In modo più preciso le accuse che la giustizia rivolge ai coniugi Mastella sono:
• abuso di ufficio che riguarda delle assunzioni presso l’ ARPAC (Agenzia Regionale per la Protezione Ambientale della Campania); infatti sono stati trovati dei files dove c’erano delle liste con un totale di 655 nomi di persone che venivano raccomandati da varie personaggi cosidetti “potenti”, tra cui c’erano naturalmente i coniugi Mastella, Bassolino (PD), De Mita (UDC), ma il record lo detiene Luigi Nocera (ex-assessore regionale UDC) con ben 100 persone raccomandate (i miei vivissimi complimenti a Luigi ma difficilmente entrerà nel libro dei record considerando che c’è gente più capace di lui (S.B.). Tutto questo naturalmente in cambio di favori politici e non.
• Associazione a delinquere per un’associazione che avrebbe operato soprattutto in Campania ai danni della pubblica amministrazione, attività che mirava ad ottenere vantaggi dall’operato delle pubbliche amministrazioni e nelle gare pubbliche bandite dagli enti territoriali campani;
• Concussione (ma in realtà questo riguarda solo il nostro ex-ministro e non sua moglie) in concorso con altri esponenti del suo partito per costringere un direttore sanitario a nominare un suo protetto come primario di un ospedale. Naturalmente dopo i rifiuti del direttore, Mastella&Co. sono passati alle intimidazioni;
• e per concludere, sospetti legami tra l’Udeur e alcuni clan camorristici, ma ormai questo è diventato un vanto per i politici e non un disonore.
Nel frattempo la giustizia ha iniziato il suo corso, tra vari fermi e arresti domiciliari spicca il divieto di dimora in Campania e in sei province limitrofe alla signora Mastella.
Naturalmente gli accusati si difendono dichiarandosi estranei alle vicende elencate e ai rapporti con la camorra. “E’ un complotto!” dice il nostro eurodeputato che secondo lui deriva dall’ invidia che si è creata dopo essere stato eletto al Parlamento Europeo con il PdL (e non si vergogna?! si vanta pure….).
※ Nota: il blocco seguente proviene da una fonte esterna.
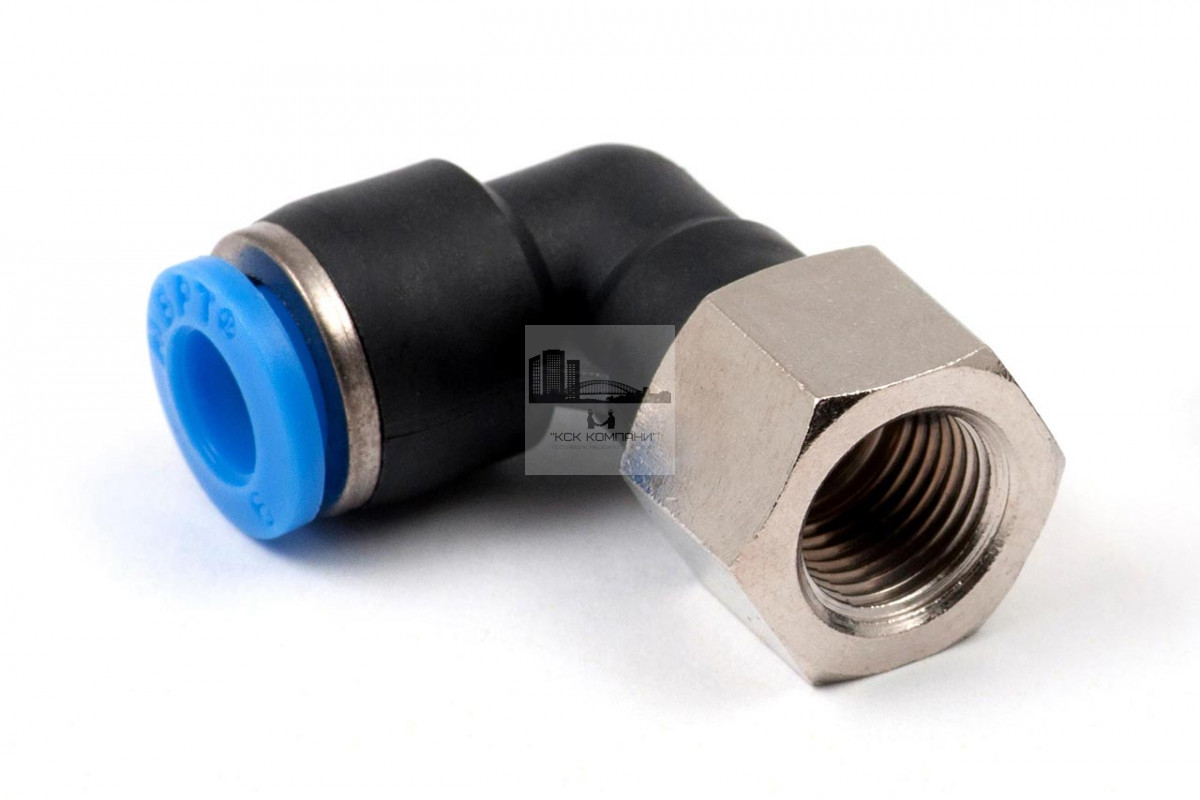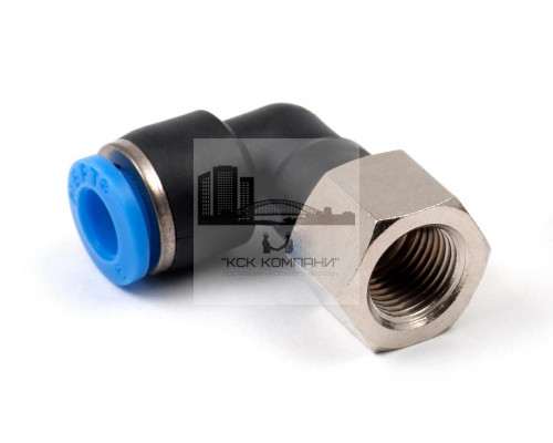 PLF – модель фитинга (трубка-резьба): L-образный фитинг с внутренней резьбой с одной стороны и нажимным цанговым соединением с другой стороны

Continua dicendo: “Le raccomandazioni le fanno tutti, le ho fatte anche io” ma sicuramente farebbe meglio a stare in silenzio per non complicare la sua posizione. Continua dichiarando di essere una persona per bene e soprattutto una persona con le mani pulitissime dato che non ha mai preso soldi da nessuno ma di aver solo segnalato povera gente che aveva bisogno di aiuto e che tutto ciò corrisponde con la funzione del politico (che amarezza!!!). Chiude il suo discorso dicendo di avere fatto meno danni dell’IdV. Cosa avrà voluto dire? Secondo me si riferiva alle accuse uscite su “Il Giornale”, durante la campagna elettorale delle europee, che riguardava la gestione privatistica e familiare dei soldi destinati al partito IdV però intascati dall’On. Di Pietro e dai suoi amici (questa storia però non ha avuto nessun riscontro con la realtà). Ripeto questo collegamento è puramente personale e potrebbe non corrispondere per niente al caso accennato dall’On. Mastella.
Il nostro grande politico italiano ha fondato l’Udeur con l’intenzione di rappresentare e difendere il Mezzogiorno e di essere in contrapposizione con la Lega Nord. Ha capito in modo molto pratico e veloce come fare politica al Sud.
D'altronde da noi funziona così……(che amarezza!!!!).